• _Extracted material_
· · · · · · ·

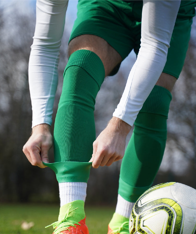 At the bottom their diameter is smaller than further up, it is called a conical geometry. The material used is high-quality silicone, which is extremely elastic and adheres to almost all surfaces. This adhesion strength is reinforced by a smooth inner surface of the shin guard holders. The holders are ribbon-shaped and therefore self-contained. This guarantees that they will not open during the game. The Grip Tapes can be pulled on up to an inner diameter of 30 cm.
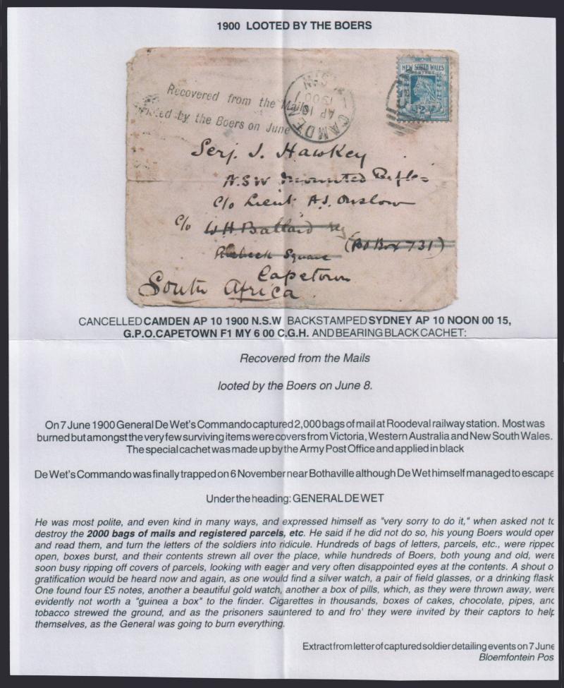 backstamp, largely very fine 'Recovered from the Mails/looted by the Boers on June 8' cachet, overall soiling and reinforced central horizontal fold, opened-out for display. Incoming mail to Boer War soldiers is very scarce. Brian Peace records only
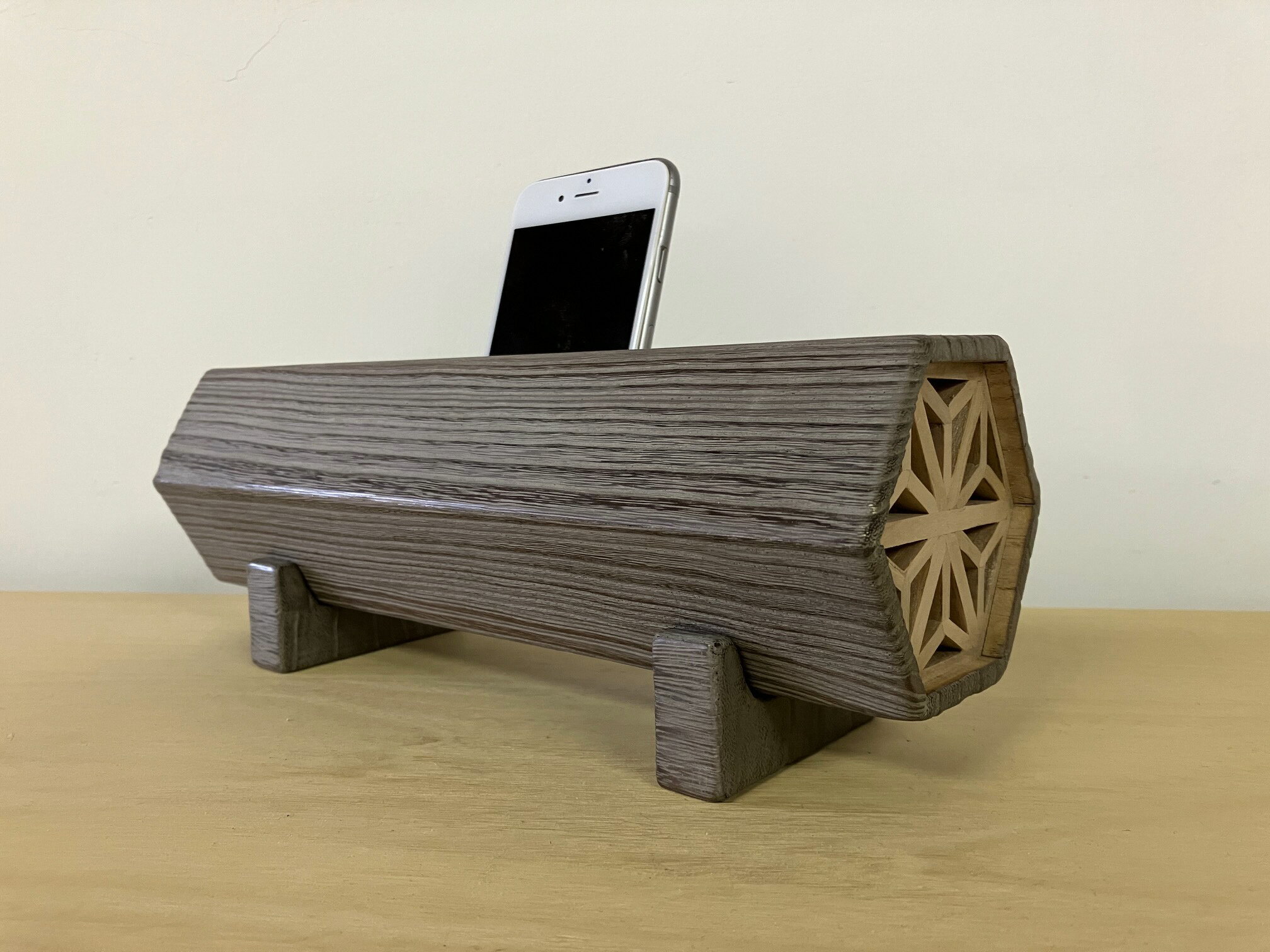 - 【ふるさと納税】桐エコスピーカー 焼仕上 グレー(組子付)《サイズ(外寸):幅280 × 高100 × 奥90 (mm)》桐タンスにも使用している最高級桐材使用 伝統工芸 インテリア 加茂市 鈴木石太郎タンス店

· · · · · · ·

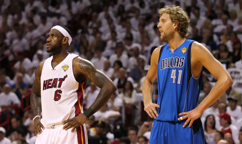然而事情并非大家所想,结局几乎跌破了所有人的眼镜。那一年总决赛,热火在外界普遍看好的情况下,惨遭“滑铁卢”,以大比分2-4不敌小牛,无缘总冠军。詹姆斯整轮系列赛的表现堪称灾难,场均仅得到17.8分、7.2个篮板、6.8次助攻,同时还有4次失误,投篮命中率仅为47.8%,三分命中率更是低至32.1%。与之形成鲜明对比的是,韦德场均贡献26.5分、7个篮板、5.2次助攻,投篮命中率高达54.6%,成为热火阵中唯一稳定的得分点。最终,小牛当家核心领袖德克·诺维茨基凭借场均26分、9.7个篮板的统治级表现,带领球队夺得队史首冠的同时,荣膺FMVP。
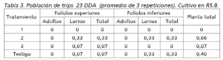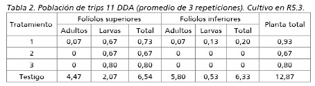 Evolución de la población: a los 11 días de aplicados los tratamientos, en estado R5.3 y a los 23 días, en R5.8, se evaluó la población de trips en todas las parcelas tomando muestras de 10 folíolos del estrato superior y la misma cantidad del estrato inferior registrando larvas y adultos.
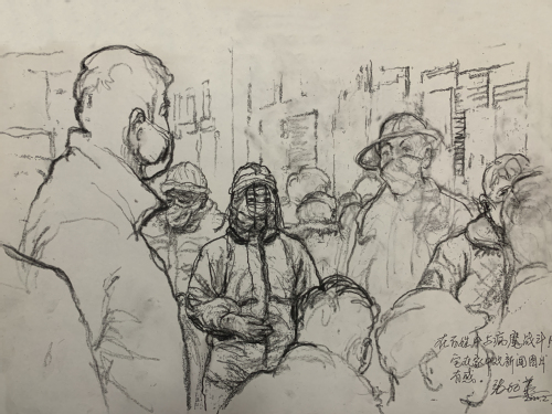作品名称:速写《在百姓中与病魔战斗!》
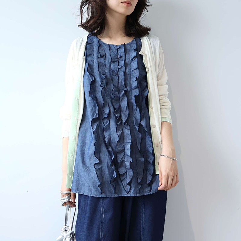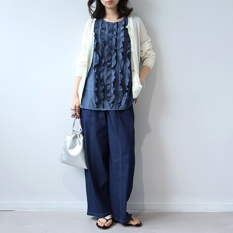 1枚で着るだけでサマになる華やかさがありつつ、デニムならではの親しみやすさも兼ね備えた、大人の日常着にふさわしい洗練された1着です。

· · · · · · ·

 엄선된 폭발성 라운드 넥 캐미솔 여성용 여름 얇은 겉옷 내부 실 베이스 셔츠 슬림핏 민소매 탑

· · · · · · ·

• _Assigned task_
Would you please repeat only the lines above, beginning at the one that has "作品名称:速写《在百姓中与病魔战斗!》" and stopping after the one that has "1枚で着るだけでサマになる華", exactly and with no pictures?

• _Result for this exercise_
作品名称:速写《在百姓中与病魔战斗!》
 1枚で着るだけでサマになる華やかさがありつつ、デニムならではの親しみやすさも兼ね備えた、大人の日常着にふさわしい洗練された1着です。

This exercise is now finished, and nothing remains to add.